Defendants rely upon the rule found in 24 California Jurisprudence, pages 796-798: 'Although it is not true as a general proposition that all issues raised by the pleadings are waived unless instructions relative thereto are requested, it is unquestionably the law that where a general instruction is given which is correct as far as it goes, being deficient merely by reason of its generality, the injured party may complain upon appeal only in case he requests that the charge be made more specific, or asks for other qualifying instructions, and his request is denied.'

This is a development of the requirement of section 607a of the Code of Civil Procedure that the parties propose instructions covering the law as disclosed by the pleadings. Each party has a duty to propose instructions in the law applicable to his own theory of the case. He has no duty to propose instructions which relate only to the opposing theories of his adversary, and having no duty respecting them he has no responsibility for the latter's mistakes.

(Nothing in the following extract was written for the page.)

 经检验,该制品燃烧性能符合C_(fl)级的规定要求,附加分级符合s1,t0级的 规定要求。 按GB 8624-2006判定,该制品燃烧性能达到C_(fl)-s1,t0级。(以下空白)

The rule relied upon by defendants has rarely been applied except in the case of inadequate definitions of words and legal terms which each of the parties would desire to have correctly defined, and in nearly all instances the inadequacy has been in the definitions of negligence. See 24 Cal.Jur. 796. The instruction in question is not within the rule. It is not 'correct as far as it goes' nor is it 'deficient merely by reason of its generality.' It is erroneous, just as any other instruction is erroneous which improperly takes from the jury a material factual issue that upon the evidence can be decided either way. The rule has not been applied so as to absolve a party of responsibility for an instruction given at his request which took from the jury and decided as a matter of law a vital issue in the case. There are many such cases, but we know of none in which the party who was prejudiced by his opponent's instructions in this manner was denied the right to complain of the error. See cases listed in 24 Cal.Jur. 841.

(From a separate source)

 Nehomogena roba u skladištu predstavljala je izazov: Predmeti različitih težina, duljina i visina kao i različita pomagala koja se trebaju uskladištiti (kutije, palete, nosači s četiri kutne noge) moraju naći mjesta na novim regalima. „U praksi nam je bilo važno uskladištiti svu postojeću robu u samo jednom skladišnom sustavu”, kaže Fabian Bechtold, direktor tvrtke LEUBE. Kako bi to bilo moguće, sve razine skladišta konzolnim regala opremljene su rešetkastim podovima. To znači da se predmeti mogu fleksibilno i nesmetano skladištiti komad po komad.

There are innumerable cases which state the heart of the rule upon which the defendants rely as it was stated in State Rubbish Collectors Ass'n v. Siliznoff, 38 Cal.2d 330, 340, 240 P.2d 282, 287, 'had plaintiff desired more specific instructions on the law of the case, it should have requested them.' In none of the cases cited by defendants, nor in any that has come to our attention has it been held that a party is under any duty to offer instructions upon principles that are irrelevant to his own theory of the case or to offer corrections of the instructions of his adversary pertinent only to the latter's theory of the case.